De hecho, el tiempo tiene su importancia. Dos años antes del 1-O, una serie de opinadores introdujimos en el debate público la idea de impulsar un referéndum de autodeterminación (que muchos desprestigiaron llamándolo RUI) en un entorno político en el que el independentismo mayoritario se presentaba a las elecciones con un calendario que culminaba con una DUI en dieciocho meses. Pensábamos, y todavía lo pensamos, que el referéndum tenía mucho más poder efectivo porque vinculaba a los líderes del país directamente con el pueblo, evitando así la intermediación de los partidos políticos (y sus consiguientes miserias e intereses particulares), y también decíamos que el Estado no podía impedirlo ni con el uso de la violencia física. Contrariamente, la DUI podía posponerse sine die (como de hecho ya se insinuaba constantemente desde las filas de Junts pel Sí), se vehiculaba través de un Parlament autonómico que siempre había devenido súbdito de las decisiones de los tribunales europeos y contaría con una escasísima solidaridad internacional. Cuando la idea del referéndum ya volaba libre, recuerdo a la perfección cómo líderes convergentes que ahora se meten el 1-O en la boca a diario confesaban que hacerlo era imposible. También recuerdo, y es un tema menor, como a Enric Vila lo tachaban de loco, Álvaro insinuaba que Graupera lo veía todo muy facilito desde la cúspide de Princeton y a mí, como siempre, se limitaban a decirme que bebía y fumaba demasiado.

Nosotros confiábamos en que la presión popular acabaría desbordando la miseria autonomista de la política catalana. Porque esta era justamente la gracia del referéndum: la de ser un asunto del pueblo que ni el amedrentamiento de los políticos podía hacer fracasar, como así quería Jordi Sànchez (es decir, David Madí), que días antes de la votación ya vendía su moto particular afirmando que un millón de personas esperando para votar en colegios electorales clausurados ya sería una victoria. Fue en ese momento que mi fe ya no pudo mover ni un saco de arroz, porque se demostró, nuevamente y por enésima, no solo que los políticos indepes podían saltarse sus promesas, sino que para más inri lo hacían tras ver que el pueblo mostraba una tenacidad y un heroísmo que –¡sí, entonces sí!– pudo admirar todo el planeta. Esta era y es la misma oligarquía que continúa usando los anhelos del pueblo para limpiarse el culo. ¡Pero han pagado con la prisión y el exilio y tú solo escribes sin jugarte nada de nada!, responderá más de un lector si acaba leyendo todo el artículo. No, amigos, y esta es una de las últimas verdades freudianas que uno debe digerir: lejos de sacrificarse por la libertad del pueblo, han preferido pasar a la historia como mártires y acatar las leyes del enemigo para chantajearos el alma con tal de que creáis que la independencia no es posible.

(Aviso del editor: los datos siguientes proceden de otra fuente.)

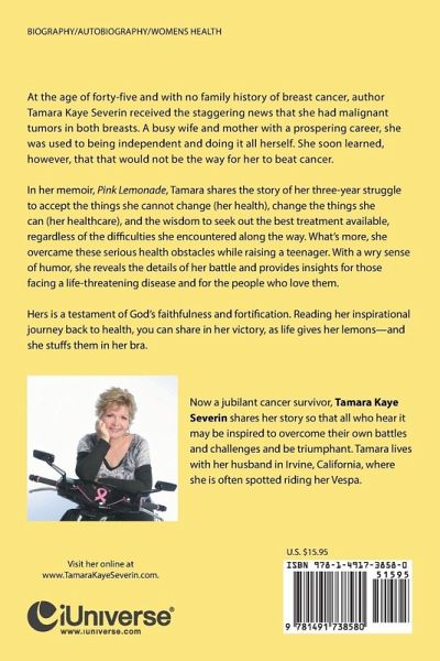 At the age of forty-five and with no family history of breast cancer, author Tamara Kaye Severin received the staggering news that she had malignant tumors in both breasts. A busy wife and mother with a prospering career, she was used to being independent and doing it all herself. She soon learned, however, that that would not be the way for her to beat cancer. In her memoir, Pink Lemonade, Tamara shares the story of her three-year struggle to accept the things she cannot change (her health), change the things she can (her healthcare), and the wisdom to seek out the best treatment available, regardless of the difficulties she encountered along the way. What's more, she overcame these serious health obstacles while raising a teenager. With a wry sense of humor, she reveals the details of her battle and provides insights for those facing a life-threatening disease and for the people who love them. Hers is a testament of God's faithfulness and fortification. Reading her inspirational journey back to health, you can share in her victory, as life gives her lemons-and she stuffs them in her bra.

Hace pocos días, charlando con un compañero convergente y una de ERC (los dos habían sido diputados), me sorprendió la tranquilidad de espíritu con la que aseguraban poder presentarse a las elecciones conservando la confianza de “sus” dos millones de electores, fueran las que fueran sus promesas y fueran los que fueran sus programas electorales. Esta forma de cinismo y de falta de compromiso es el principal cáncer de la política catalana. Si yo gasto tiempo para contrarrestarlo y desvelar la mentira no es porque crea que mis electores sean idiotas ni yo tenga la verdad absoluta, sino precisamente porque los considero inteligentes y me cabrea enormemente que los políticos sigan cagándose en la dignidad de la gente de esta forma. Porque sería óptimo no volver a vivir el engaño del 1-O, ni más estafas como la del 20-D, y sería igualmente oportuno que no continuemos engordando la panza de la farsa y la posterior frustración. Lo hago justamente porque confío en la sagacidad de la población y su capacidad para superar el miedo de sus líderes para jugar más fuerte que ellos. Todo ello, amigos lectores, lo puedo continuar haciendo porque sé de cierto que no sois idiotas y que tarde o temprano vais a reaccionar. Eso espero.